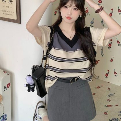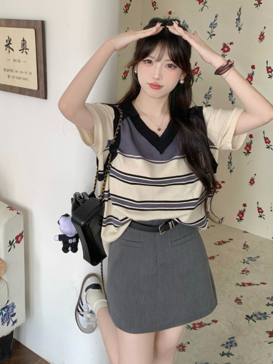 Age-reducing college style striped sweater for fat girls fake two pieces
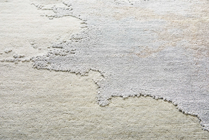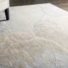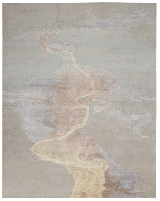 This magnificent Christopher Guy rug conveys a magical sense of motion and serenity, with flowing patterns of gold and deep earth tones flowing across the wool and silk hand-woven pile like a river. Complex coloring and intricate texturing make this rug thoroughly modern, but also utterly timeless.
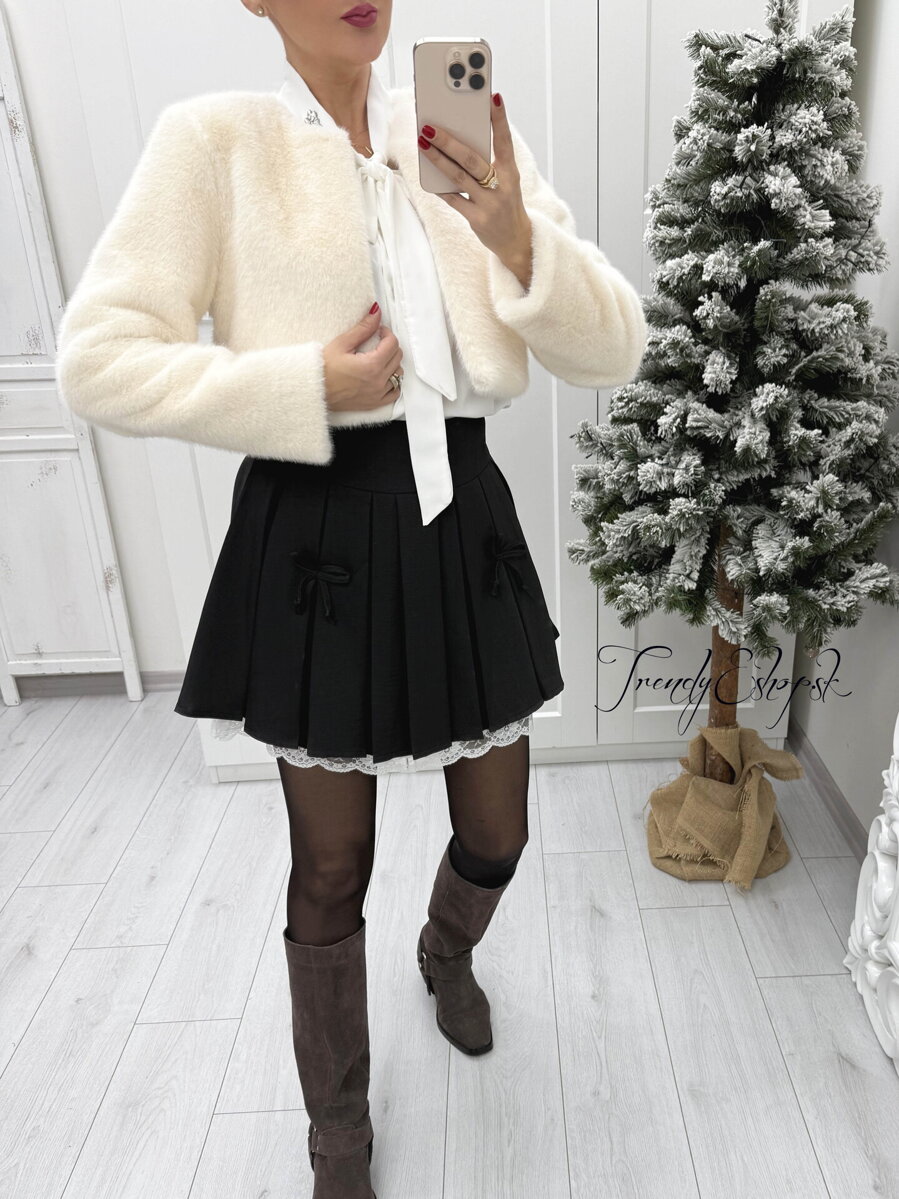 Príjemné plyšové bolerko krátkeho strihu, s dlhými rukávmi. Bez zapínania. Podšité. (15)
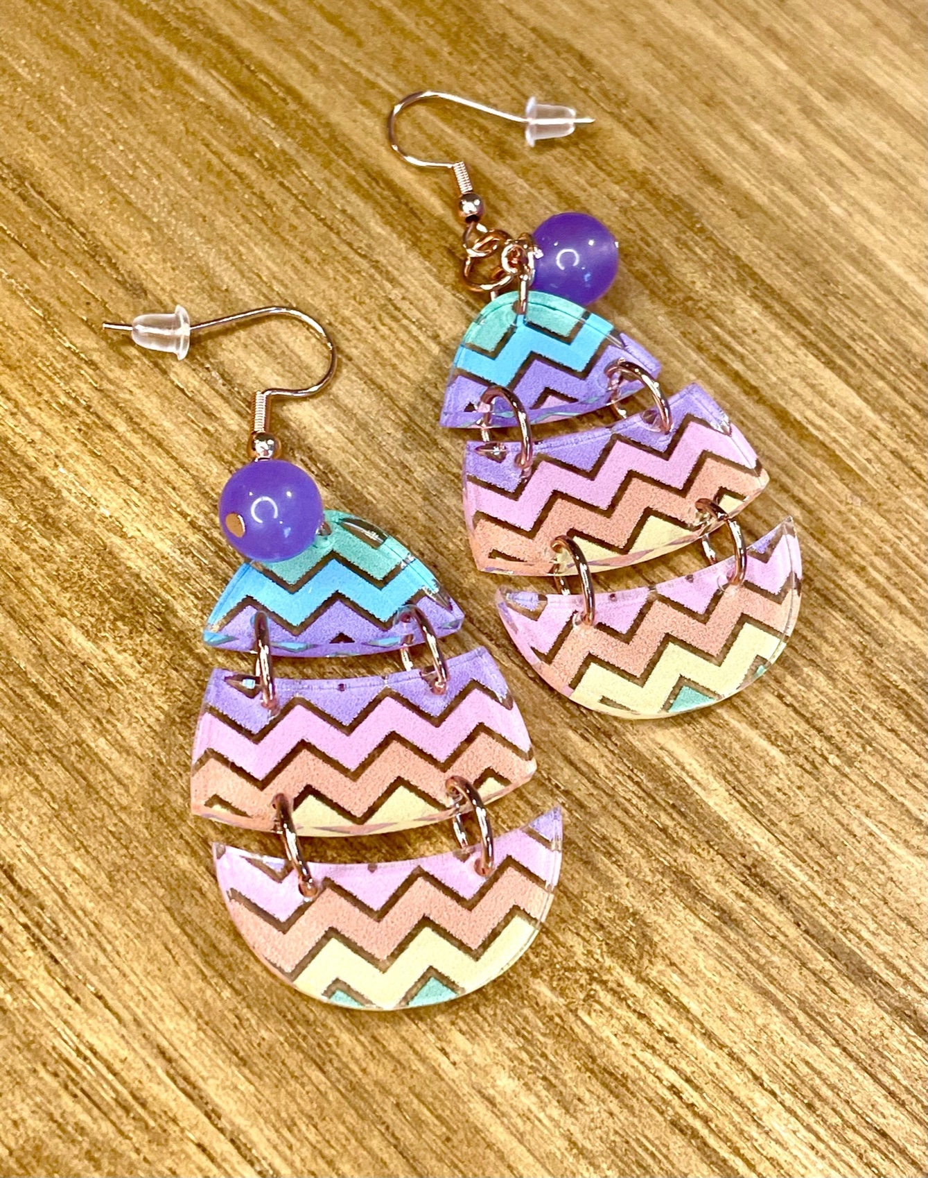 These are handmade, Gemstone hook earrings, with beautiful Jade Gemstones (choice of purple or orange) and chevron pastel rainbow print, acrylic Easter egg pendants, measuring 1.5 inches. The ear wires are hypoallergenic, surgical 316L, rose gold tone, stainless steel, French hook ear wires with a decorative ball and coil accent. Make them yours!

▶ WHAT YOU NEED TO DO
Only the lines from the beginning of the listing through the line with "This magnificent Christopher", both ends included, are to be repeated exactly; pictures stay out.

▶ EXERCISE SOLUTION
 Age-reducing college style striped sweater for fat girls fake two pieces
 This magnificent Christopher Guy rug conveys a magical sense of motion and serenity, with flowing patterns of gold and deep earth tones flowing across the wool and silk hand-woven pile like a river. Complex coloring and intricate texturing make this rug thoroughly modern, but also utterly timeless.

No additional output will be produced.